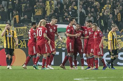 Η ΑΕΚ έμεινε όρθια απέναντι στην Μπάγερν Μονάχου για 60 λεπτά, όμως μέσα σ' ένα τρίλεπτο (61'-64') οι Βαυαροί πάτησαν γκάζι και καθάρισαν το ματς (0-2). Οι πρωταθλητές Γερμανίας επιβλήθηκαν της «Ένωσης» στο κατάμεστο ΟΑΚΑ, με τα γκολ των Χάβι Μαρτίνεθ (61') και Ρόμπερτ Λεβαντόφσκι (63'). Οι «κιτρινόμαυροι» έχασαν για τρίτη φορά σε ισάριθμους αγώνες στον 5ο όμιλο του Champions League.
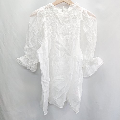 ◇ ⊂ Visdesu Aidesu ビスデスアイデス フリル 七分袖 シアーチュニック サイズF ホワイト レディース E
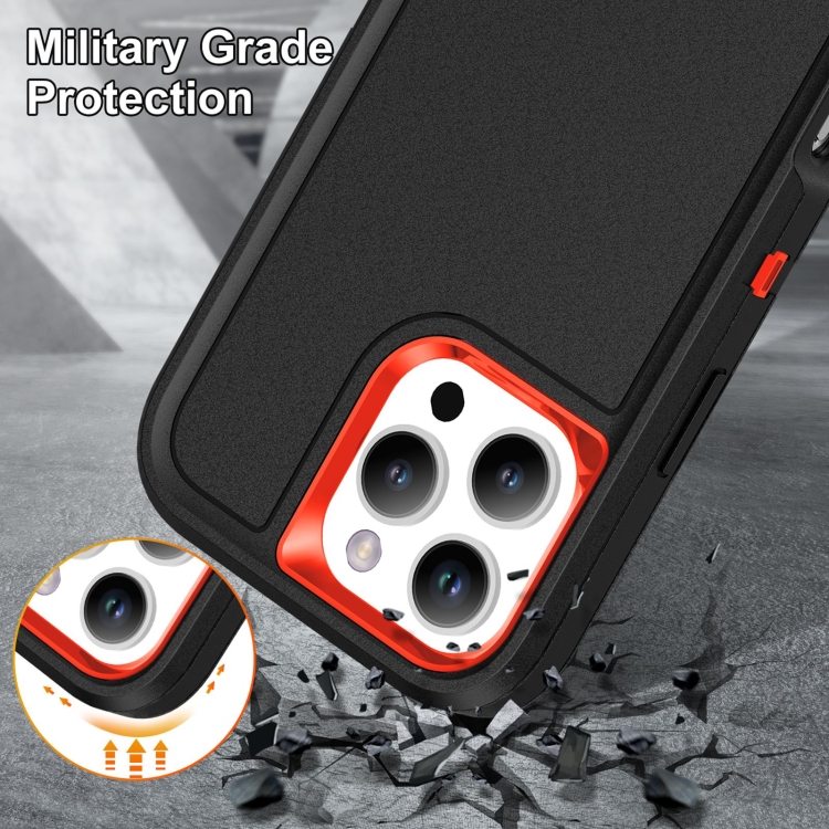 Funda Silicona y PC Resistente para iPhone 16 Pro Max con Soporte (Negro y Naranja)
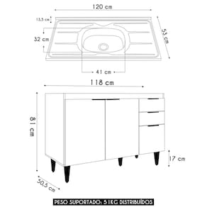 Conteúdo da Embalagem: 1 Balcão, 1 Pia Inox.
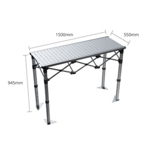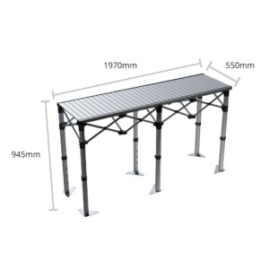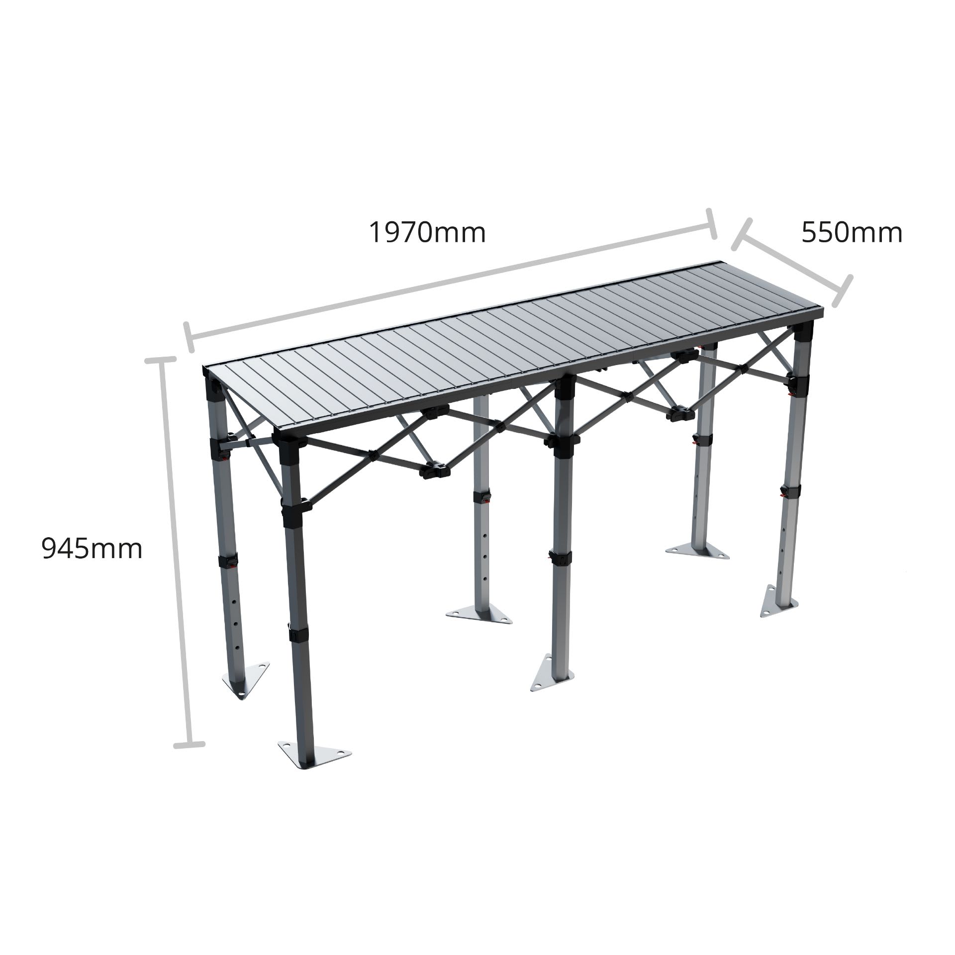 A: Setup is incredibly fast. Thanks to the tool-free “scissor-frame” design, one person can have the frame expanded and locked into position in under 60 seconds. The rolling aluminium tabletop then simply clips into the support bars.
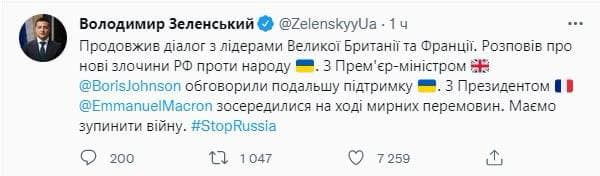 1.  Запад должен сделать всё, о чём просит Украина. "Сейчас мы видим беспрецедентное объединение западного мира. За что огромное спасибо нашим международным партнерам"
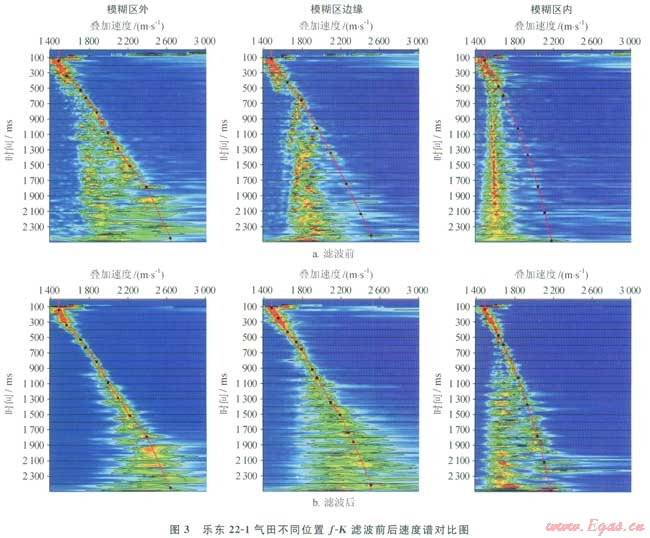 基于上述認(rèn)識(shí),加強(qiáng)了對(duì)全區(qū)的地震速度譜的解釋分析。分析發(fā)現(xiàn)“模糊區(qū)”外速度譜能量團(tuán)集中,質(zhì)量較好,解釋可靠;進(jìn)入“模糊區(qū)”后,速度譜質(zhì)量明顯降低,看不到一次波的能量團(tuán),特別是中心部位只有多次波的能量團(tuán)出現(xiàn),無法進(jìn)行速度解釋(圖3)。分析認(rèn)為該區(qū)淺層氣十分發(fā)育,淺層氣與其圍巖的波阻抗差別很大,從而形成很強(qiáng)的反射。淺氣層與淺氣層之間、淺氣層與海底之間就產(chǎn)牛了很強(qiáng)的層間多次波,致使在地震速度譜上一次波的能量被掩蓋,譜上顯示出的全是多次波的能量團(tuán)。因此壓制多次波便成為精細(xì)速度分析的首要任務(wù)。經(jīng)過多次試驗(yàn),f-K濾波。叫對(duì)壓制本區(qū)的多次波效果較好(圖3)。經(jīng)濾波處理后,“模糊區(qū)”外正常地層的速度譜能量團(tuán)更清楚;剛進(jìn)入“模糊區(qū)”的速度譜也出現(xiàn)了較集中的一次波的能量團(tuán),能夠準(zhǔn)確地進(jìn)行解釋;“模糊區(qū)”中心的速度譜雖然仍有較強(qiáng)的多次波能量團(tuán)出現(xiàn),但一次波的能量團(tuán)已清楚地出現(xiàn)在速度譜上,完全可以進(jìn)行可靠的速度解釋。
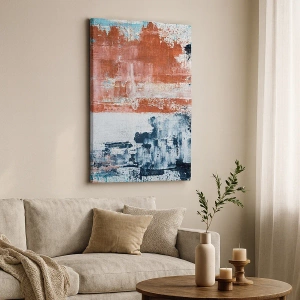 Bild auf Leinwand - Leinwandbild - Abstraktion in Weiß-, Blau- und Ziegelfarben - 70x50cm - Fünfzig-Fünfzig abstrakt - Moderne Wanddekoration für Wohnzimmer und Schlafzimmer ARTTOR
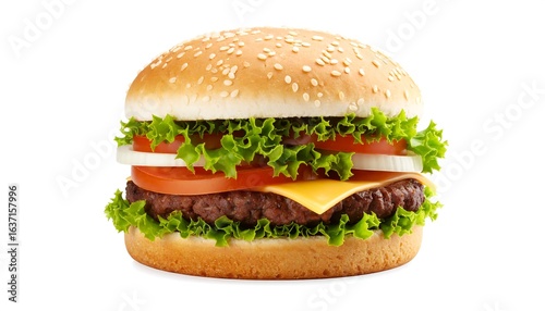 burger, food, hamburger, delicious, fresh, tasty, epicure, appetising, image, studio, shot, isolated, white, background, meat, cheese, lettuce, tomatoes, onion, bun, gold, brown, crispy, juicy, savoury, fast, american, classic, lunch, dinner, meal, snack, photo, closeup, detail, texture, quality, composition, product, presentation, receipe, concept, eatery, photo
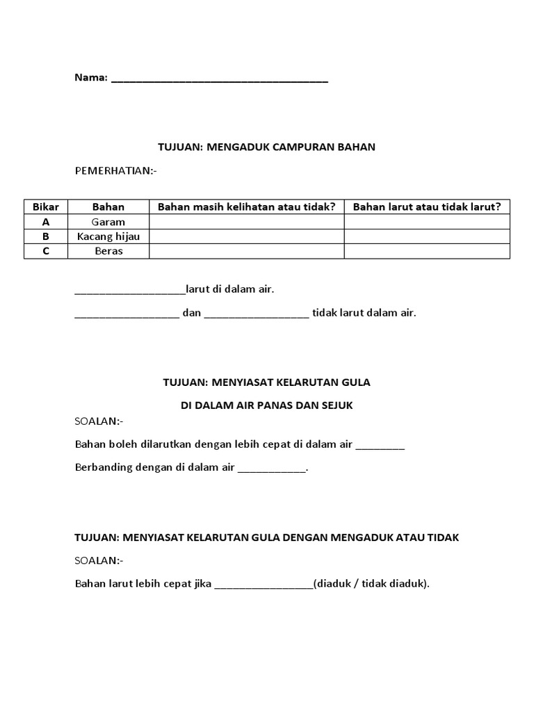 Bahan larut dan bahan tidak larut. Menjelaskan pemerhatian tentang campuran melalui lakaran, tmk, penulisan atau lisan. Kali ini kita sambung topik sains tahun 2 iaitu unit 5, tumbuh tumbuhan. 1 menyatakan contoh bahan yang boleh larut dan tidak boleh larut dalam. Campuran sains tahun 2 feel free to use them , semoga bermanfaar find me :
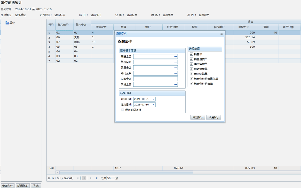 单位销售统计,可以查询往来单位在时间范围内在不同销售业务模式下面的销售、销售退货和实际销售数据情况,按照单位信息排列显示,此报表可以查询过账单据数据,不会统计被红冲被删除的单据。
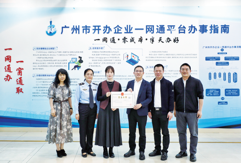 “我是在網(wǎng)上申請辦理營業(yè)執(zhí)照的,半天左右便收到短信通知說執(zhí)照辦好了,今天便過來領(lǐng)取,沒想到居然是白云區(qū)的第70萬張營業(yè)執(zhí)照,太激動(dòng)了。”段女士接過營業(yè)執(zhí)照,高興地說:“還免費(fèi)給我刻了公章,全程不用花一分錢。”她表示,自己是做服裝生意的,白云區(qū)服裝產(chǎn)業(yè)鏈完善,運(yùn)營成本相對較低,交通樞紐十分便利,大大提升了物流效率。
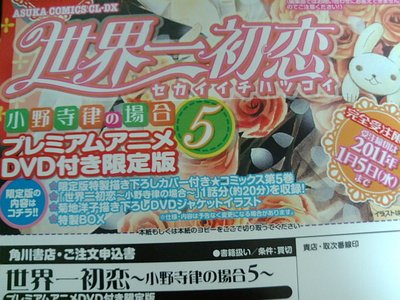 The premium edition of the fifth volume of Shungiku Nakamura’s boy-love manga Sekai-ichi Hatsukoi ~Onodera Ritsu no Baai~ (World’s Best First Love ~The Case of Ritsu Onodera~) will include a bonus 20 minute anime on DVD. Studio DEEN will animate the exclusive episode with Chiaki Kon (Hanasakeru Seishounen, Junjo Romantica) directing and Yoko Kikuchi (El Cazador, Junjo Romantica) providing character design.
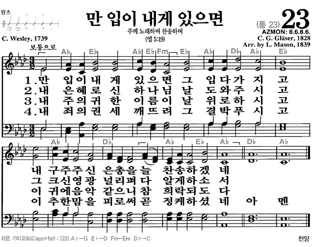 23장 - 만 입이 내게 있으면 찬송가의 고화질 악보입니다.
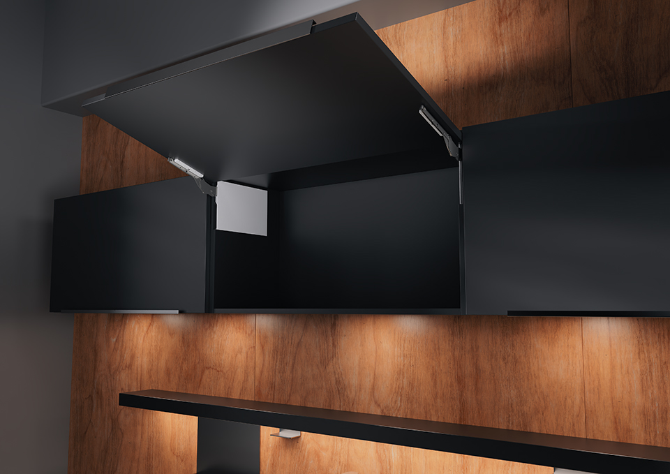 Výklopný mechanismus FREEslim Flap - PTO. Mechanismus lze namontovat přišroubováním z vnitřní strany korpusu, nebo zafrézovat z vnější strany do bočnice. Maximální výška korpusu může být 650mm a maximální šířka 1800mm. Zároveň je potřeba dodržet výkonnostní faktor.
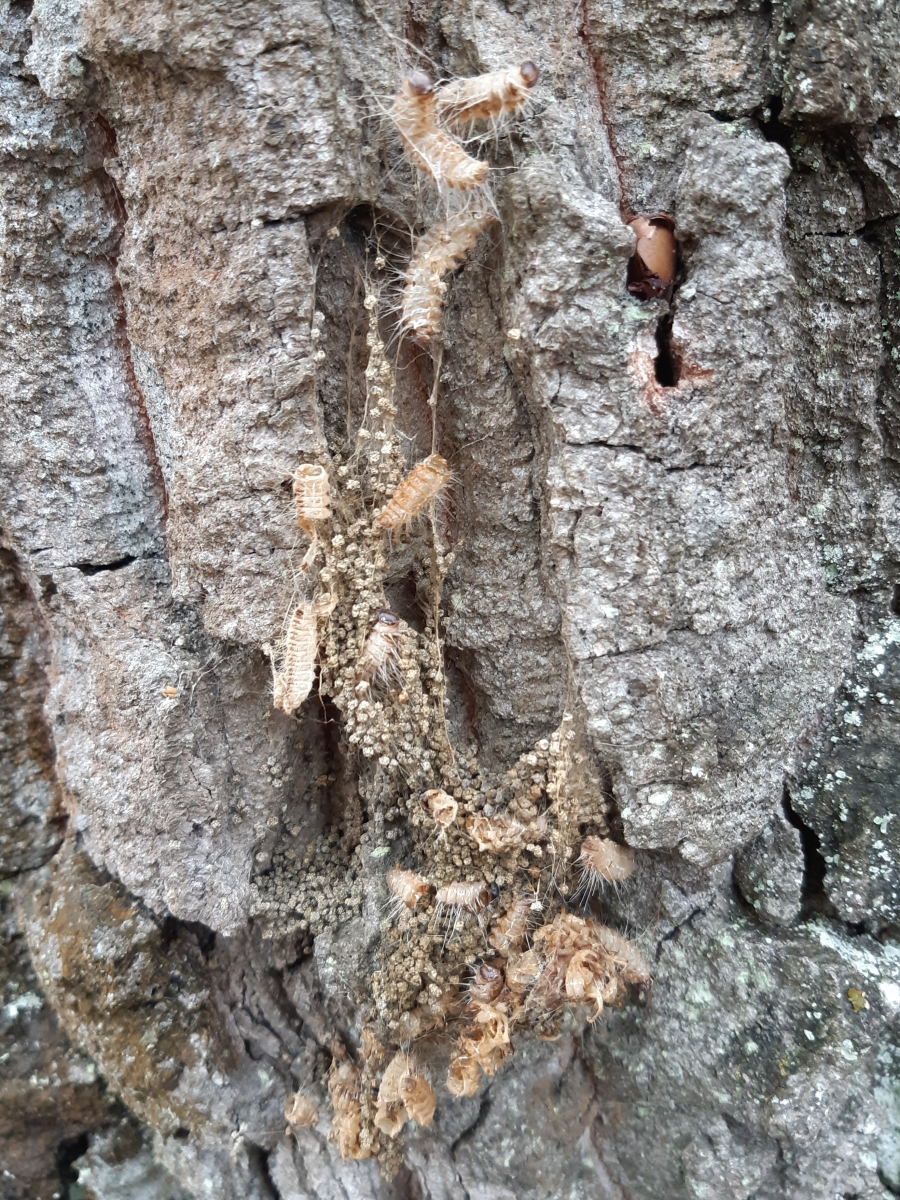 This species is characteristic for the larvae living together in web nests on tree trunks. They crawl out for food, moving one after another in a row, sometimes even several meters long. They pupate in the nest or at the tree base in a cocoon.
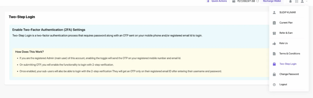 Introducing Two-Step Login: A double-layered security feature that combines your password with a unique OTP sent to your registered mobile phone or email. Double the protection, double the peace of mind.

__What is needed__
Starting with the line that holds "23장 - 만 입이 내게 있으면 찬송가의 고화질 악보입니다.", print each line through the last one of the data exactly as written, but do not include the pictures.

__Worked solution__
 23장 - 만 입이 내게 있으면 찬송가의 고화질 악보입니다.
 Výklopný mechanismus FREEslim Flap - PTO. Mechanismus lze namontovat přišroubováním z vnitřní strany korpusu, nebo zafrézovat z vnější strany do bočnice. Maximální výška korpusu může být 650mm a maximální šířka 1800mm. Zároveň je potřeba dodržet výkonnostní faktor.
 This species is characteristic for the larvae living together in web nests on tree trunks. They crawl out for food, moving one after another in a row, sometimes even several meters long. They pupate in the nest or at the tree base in a cocoon.
 Introducing Two-Step Login: A double-layered security feature that combines your password with a unique OTP sent to your registered mobile phone or email. Double the protection, double the peace of mind.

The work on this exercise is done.